Nel pomeriggio nonostante i suoi tentativi di studiare per potenziali interrogazioni del giorno dopo Julio la distraeva costantemente. Continuava ad inviarle messaggi perché gli concedesse di raggiungerla, Martina gli dava filo da torcere come suo solito ma poi si era scocciata e aveva smesso di rispondergli. Quando il suo cellulare prese a squillare sbatté il libro di storia sulla scrivania; sorprendentemente non era Julio.
«Pronto?» rispose insicura.
«Martina! Speravo che avessi lo stesso numero.»
«Thomas? E' una cosa importante?» pregò mentalmente che rispondesse di sì.
«Molto importante. Ma vediamoci di persona, ti invio un sms con il nome di un bar.. ci vediamo lì tra mezz'ora.»
Per poco il cuore non le uscì dal petto a quella frase e alzatasi in piedi rischiò quasi di cadere. Con impazienza e senza rispettare alcunché in fatto di limiti di velocità e precedenze arrivò persino in anticipo di cinque minuti nonostante il traffico moderato.

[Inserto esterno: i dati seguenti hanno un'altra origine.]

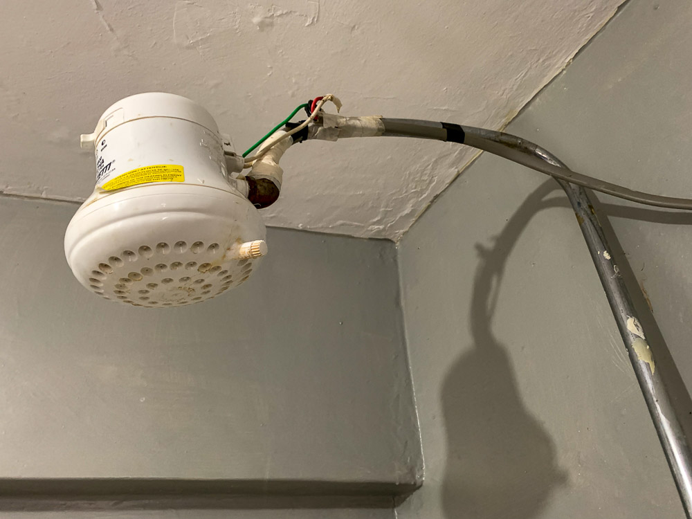 They don’t have hot water heaters, just these shower attachments. That also means no hot water faucets anywhere. And, again, it comes with sketchy wiring with the bonus of being really close to water. Yay.

Aveva persino iniziato a piovere. E giurò che uno di quei fattori avesse bloccato Thomas perché arrivò con quindici minuti di ritardo. Martina aveva bevuto una birra e mezza per alleviare la tensione.
«Sta diluviando là fuori.» commentò il ragazzo dopo averla salutato con un cenno del capo.
Martina si mosse sulla sedia un po' impaziente.
«Desidera qualcosa signore?» chiese un cameriere a Thomas, al quale Martina riservò un sguardo truce.
«Vodka liscia, grazie.»
«Allora?» l'impazienza nella voce di lei era palpabile.
Thomas non accennò ad aprire bocca. Forse cercava le parole giuste o voleva farla penare un po'. Il cameriere tornò ad interrompere la loro privacy, e Martina ingoiò altri sorsi dalla bottiglia e se ne fece portare un'altra.
«Ci siamo Martina.» aprì finalmente bocca.
«Cosa? Pierre... come sta? Ha chiesto di me? Gli hai detto che lo voglio vedere?»
«Sta bene, questo è l'importante.»
Non le bastava, non poteva bastarle.
«Quando? Quando esce?»
«In realtà...» sospirò in conflitto, si scompigliò i capelli «rilassati Martina, non gli è successo niente. E' al sicuro. Io non dovrei dirtelo ma in fin dei conti siamo amici io e te...»
La confusione la indusse ad ingerire altro alcol, «Sei sempre stato più amico suo.»
«Lo so. E' andata così. Ma ora più che mai dobbiamo fare le cose con prudenza. Pierre adesso sta in Messico sotto nome falso, deve essere molto cauto. Tutti noi dobbiamo esserlo per aiutarlo.»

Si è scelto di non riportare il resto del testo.